Pengenalan alat-alat laboratorium lengkap



LAPORAN PRAKTIKUM
BIOLOGI UMUM
 “PENGENALAN ALAT-ALAT LABORATORIUM
Diajukan untuk Memenuhi Salah Satu Syarat Mata Kuliah Biologi Umum

  

Disusun oleh:
Nama           :  Marwati
NIM             :  4442160020
Kelas           : I B
Kelompok    : 5


JURUSAN AGROEKOTEKNOLOGI
FAKULTAS PERTANIAN
UNIVERSITAS SULTAN AGENG TIRTAYASA
2016



KATA PENGANTAR
     Puji syukur kehadiran Tuhan Yang Maha Esa atas segala rahmat-Nya sehingga makalah yang berjudul “PENGENALAN ALAT-ALAT LABORATORIUM” ini dapat tersusun hingga selesai.
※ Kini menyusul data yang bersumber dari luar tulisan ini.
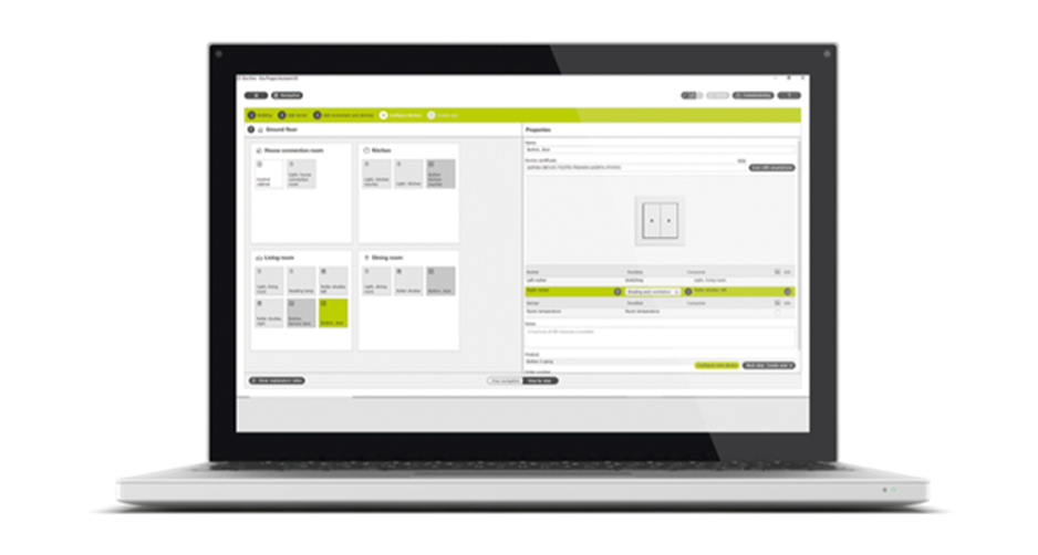 Gira One Smart Home system можно легко настроить, используя бесплатное ПО Gira Project Assistant (GPA): это гибкий и понятный помощник в настройке системы. Помимо прочего, GPA предоставляет пошаговое руководство и видеоуроки, которые помогают справиться со всем процессом настройки. Его можно использовать для подготовки проекта дома на компьютере без необходимости физического присутствия устройств Gira One. Выбранные настройки легко копируются на устройства в будущем, уже на объекте. GPA автоматически генерирует индивидуальную и понятную документацию, что упрощает передачу системы клиенту.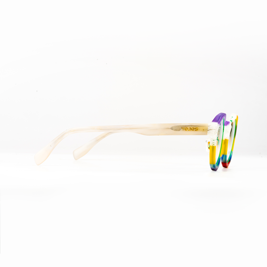 "Console", a stylish pair of sunglasses that captures a unique blend of retro charm and contemporary design. The distinctive frame, crafted from durable acetate material, showcases a bold silhouette with eye-catching details. The frames and temples feature modern color palettes. These sunglasses are perfect for those who want to make a statement while enjoying superior comfort and clarity. The lenses are changeable to optical.

     Ucapan terima kasih penulis sampaikan kepada semua pihak baik Dosen Biologi maupun Asisten Laboratom atas ilmu yang telah di berikan. Sehingga makalah ini dapat terselesaikan. Walau jauh dari kata sempurna.

     Laporan ini memuat tentang pengenalan alat-alat yang ada di laboratorium. Baik yang sudah pernah kita lihat maupun yang baru pertama kali kita lihat. Terlepas dari semua itu, saya selaku penulis menyadari sepenuhnya bahwa masih ada kekurangan baik dari segi susunan kalimat maupun tata bahasanya. Oleh karena itu dengan tangan terbuka penulis menerima segala saran dan keritik dari pembaca agar penulis dapat memperbaiki makalah yang akan di buat di kemudian hari.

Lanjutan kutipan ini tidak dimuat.